Шрифт:
Интервал:
Закладка:
Теперь, на исходе его, я вижу, что землю он утеснил, обузил, словно уменьшил ее пределы. Европа и ранее походила на некое шумное семейство, в котором отдельные ветви рода то осыпают друг друга упреками, то мирятся, то снова враждуют. В нашем девятнадцатом веке их нервная взаимная связь обрисовалась еще яснее. И стало так не только в Европе.
Главным открытием оказалось, что мир не изживает войну, а шире распахивает ей двери. И если ранее полагали, что просвещение станет стеною на беспощадной тропе насилия, то ныне это не так бесспорно — чем просвещенней, тем кровожадней. Грань, разделявшая когда-то внутренние и внешние войны, стала почти неуловимой.
Однако ж в те годы я был свободен и от уныния, и от подавленности. Я был в том возрасте, когда опыт не ограничивает энергии. И это грозное десятилетие, предшествовавшее Крымской войне, начало которого встретил я в Штутгарте, стало поистине благословенным. В течение моей долгой жизни мне часто приходили на ум стихи покойного Федора Тютчева: «Счастлив, кто посетил сей мир В его минуты роковые. Его призвали всеблагие Как собеседника на пир». Но всякий раз я вспоминал и произносил их по-новому.
В те дни я в самом деле был счастлив. Судьба человеческая нередко не совпадает с судьбой народов. Потребовалось известное время, чтоб я ощутил перемену климата, почувствовал приближение бури. На этом пиру я представлял мою Россию, мое отечество, необходимо было понять: сумеет совпасть ее традиция с ее судьбой и судьбой Европы? Тем более ей достался царь, которому традиция эта казалась единственно оправданной и даже единственно возможной.

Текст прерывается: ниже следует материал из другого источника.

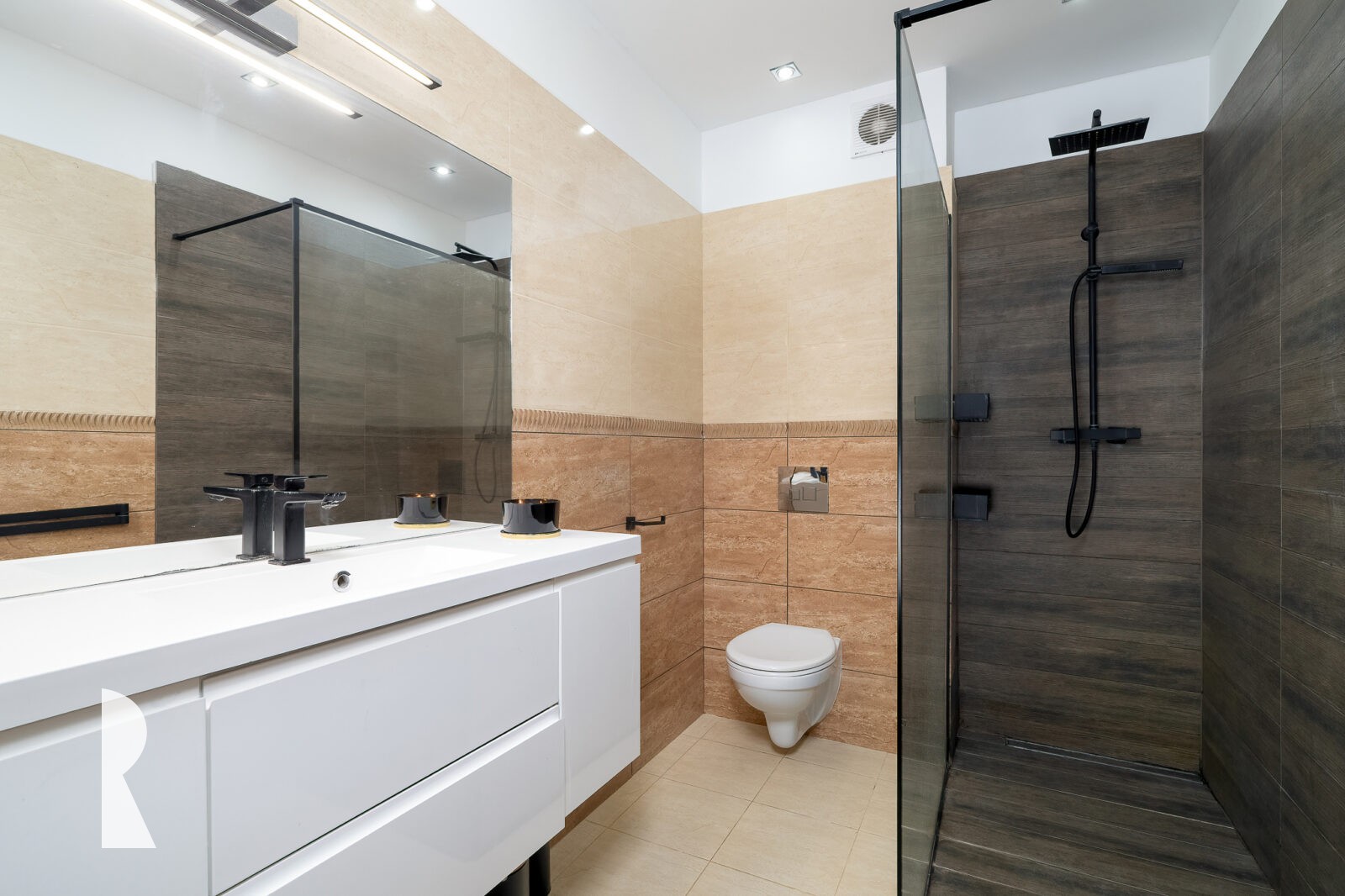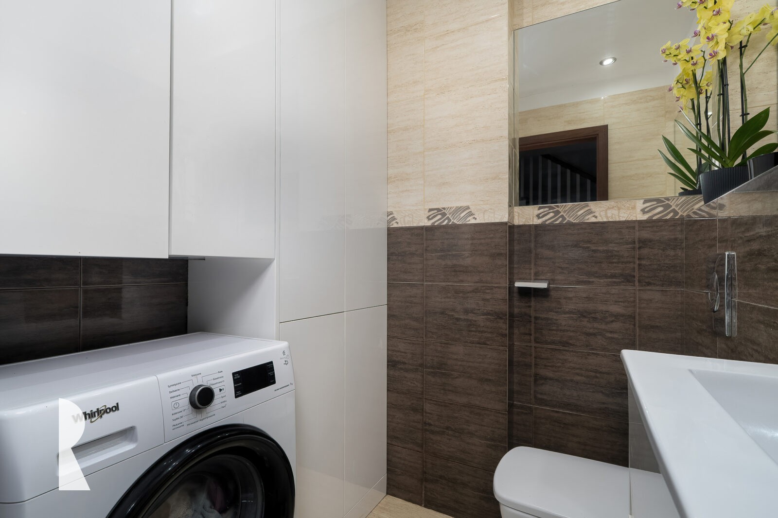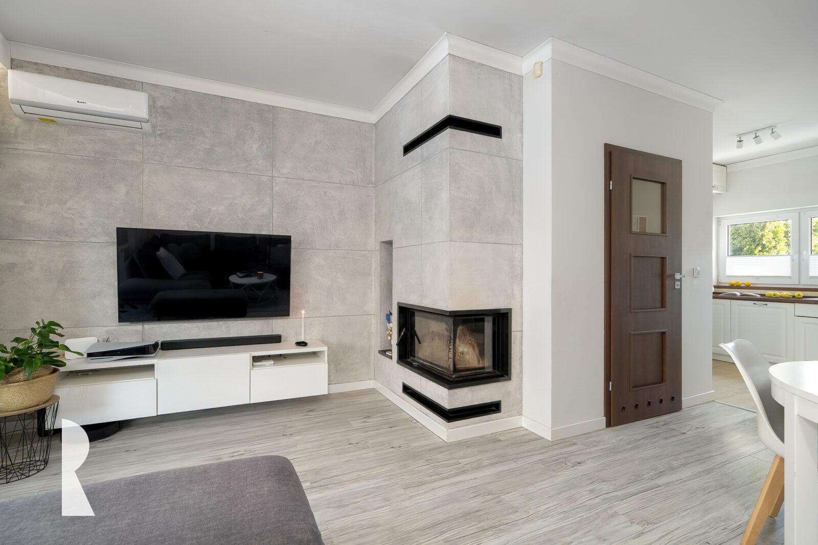 Wnętrze domu zostało starannie przemyślane i wyposażone w nowoczesne rozwiązania wpływające na komfort i oszczędność:
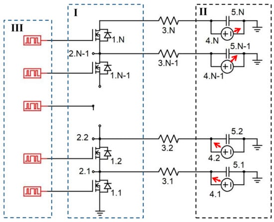 On the contrary, for a conventional stack (with a single load RL) under the corresponding voltage N∗E, the current IT1 is N∗E/RL, i.e., it is (N + 1)/2 times smaller than in Equation (3). Multipliers of order (N + 1)/2 are a disadvantage of the new technical solution. Therefore, the application area of the proposed concept is most likely not industrial electronics. The field of high-speed instrumental applications with their relatively low operational currents and significant demands on the quality of functional performance is promising.
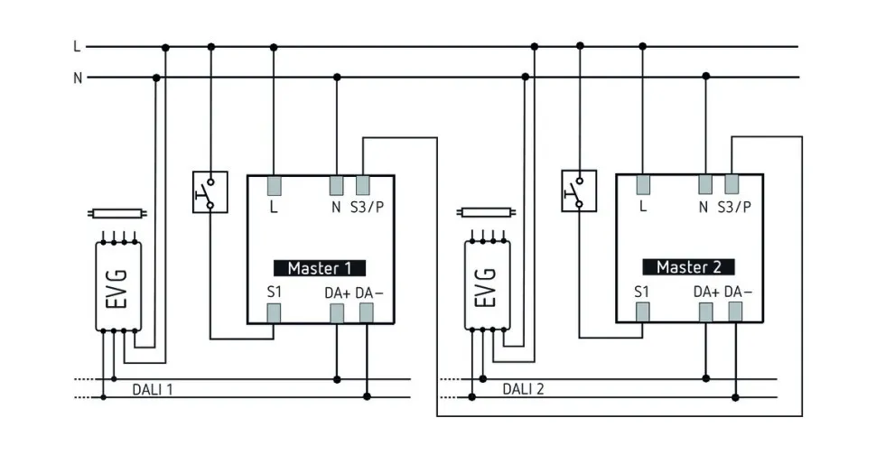 • До 10 датчиков можно подключить в режиме Master/Master или Master/Slave - для использования в больших помещениях с несколькими или одной группами освещения
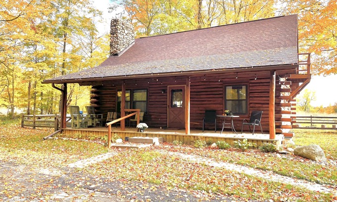 Escape to a peaceful log cabin in the woods located in beautiful Southwest Michigan. The cabin is part of a Centennial fruit farm with plenty of land to explore and a private 45 acre fishing lake. Spend the day relaxing in the cabin, baking, reading, sitting by a camp fire, reconnecting with loved ones, fishing, enjoying nature, and relishing the abundant peace that is present here.
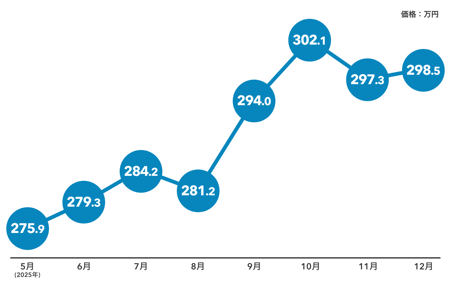 11月(297.3万円)から小幅に上昇し、高値圏を維持したまま年末を迎えました。
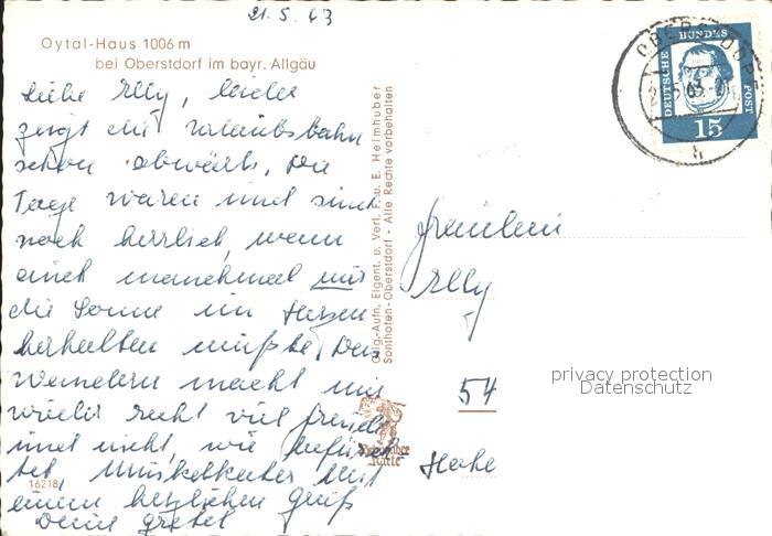 72180979 alte Postkarte Oberstdorf Oytal Haus postalisch gelaufen Erhaltung siehe scans KatCode: 11110009780133
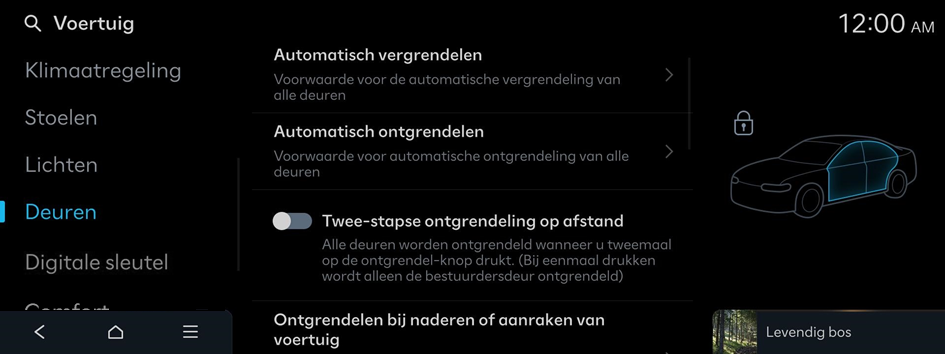 - Beschikbare instellingen kunnen verschillen, afhankelijk van het voertuigmodel en specificaties. Raadpleeg de gebruikershandleiding van de auto voor meer informatie over de functies.
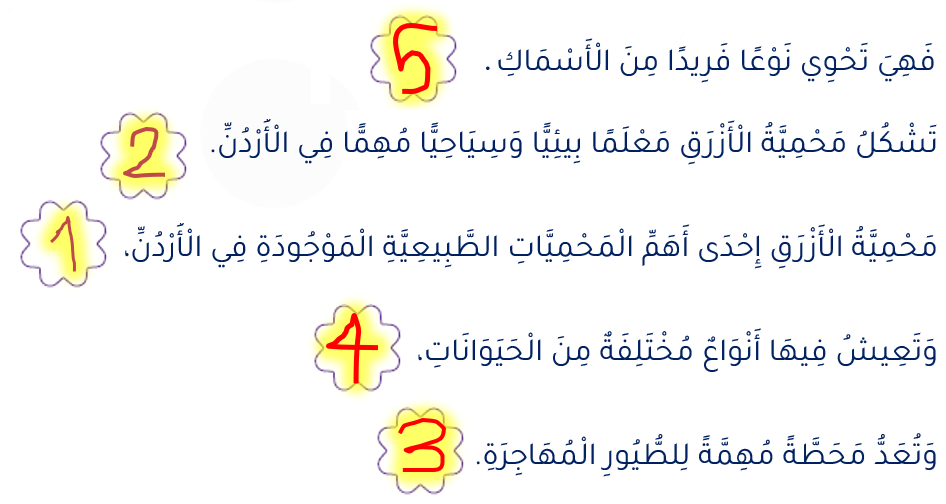 أَكْتُبُ الْفِقْرَةَ بِتَرْتِيبِ الْجُمَلِ السَّابِقَةِ، مُنْتَبِهًا لِتَوْظِيفِ عَلَامَتَيِ التَّرْقِيمِ: (،) وَ (.). وَكِتَابَةِ عُنْوَانٍ مُنَاسِبٍ، وَتَرْكِ مَسَافَةِ بِدَايَةِ الْفِقْرَةِ:
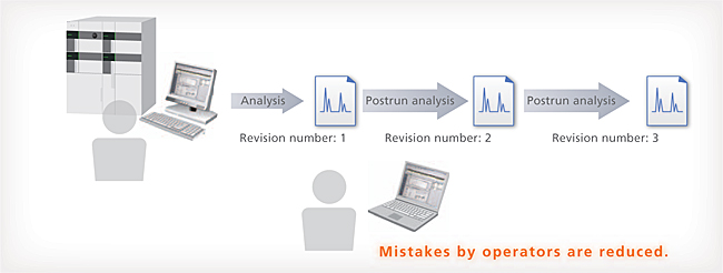 With LabSolutions DB and CS, the analysis data is managed securely by the database. Overwriting, deletion and other mistakes typical of data file management do not occur. In addition, when postrun analysis is performed using the acquired data, postrun analysis data revision numbers are automatically assigned, preventing the accidental overwriting of raw data. It is easy to display earlier data.

Его убежденность созрела в тот день, когда я пришел во дворец присягнуть ему. В тот сумрачный декабрьский полдень он был в глазах своих римским кесарем, не только остановившим варваров, но спасшим от гибели династию. И вот теперь, двадцать лет спустя, когда эти внутренние войны выплеснулись во внешний мир, когда революции, как чума, объединили народы страхом, он, Николай, обязан выпрямить вдруг накренившиеся монархии. Разве не все монархи — братья?
История и впрямь отвела нам эффектную, но неблагодарную роль — мы появляемся на арене, когда наступает час спасителей, и мы привычно спасаем мир. Когда-то спасли его от Востока — приняли на себя стихию. Мы растворили ее в себе и даже больше: себя — в стихии. Такой ценой мы стали преградой на бесконечном пути этой силы. Потом мы занимались спасением одних европейских стран от других. Спасали австрийцев от пруссаков, спасали пруссаков от французов, спасали французов от англичан (внезапный романтический замысел нашего мальтийского рыцаря, несчастного Павла). Спасали всех вместе — от ненасытного Бонапарта. Теперь мы снова должны спасать — на этот раз королей от подданных.
То были мессианские годы нашего доблестного царя. Европе, высокомерной Европе пришлось убедиться: ее законы, и в том числе закон здравомыслия, рухнули с беспримерной легкостью. Общественное согласие граждан вновь показало свое бессилие. Теперь Старый Свет целиком зависит от помощи русского исполина.
Вот эта растерянная Европа была Николаю ближе, чем прежняя — гордая, пышная, притягательная, предмет его неосознанной зависти. Вчера еще ее обитатели поглядывали на него свысока, и вот обнаружилось: это дети, какой-то постыдный киндергартен, решительно все идет кувырком. В этой нелепой общей семье не было, нет и не будет порядка. Не зря он считал своим назначением лечить занемогшие государства (Порту он так и называл во всех беседах — «больным человеком»). Сейчас он появится, как отец, хотя и суровый, но справедливый, высечет, но для их же пользы. Он их спасет, отведет от бездны. Это отвечает традиции.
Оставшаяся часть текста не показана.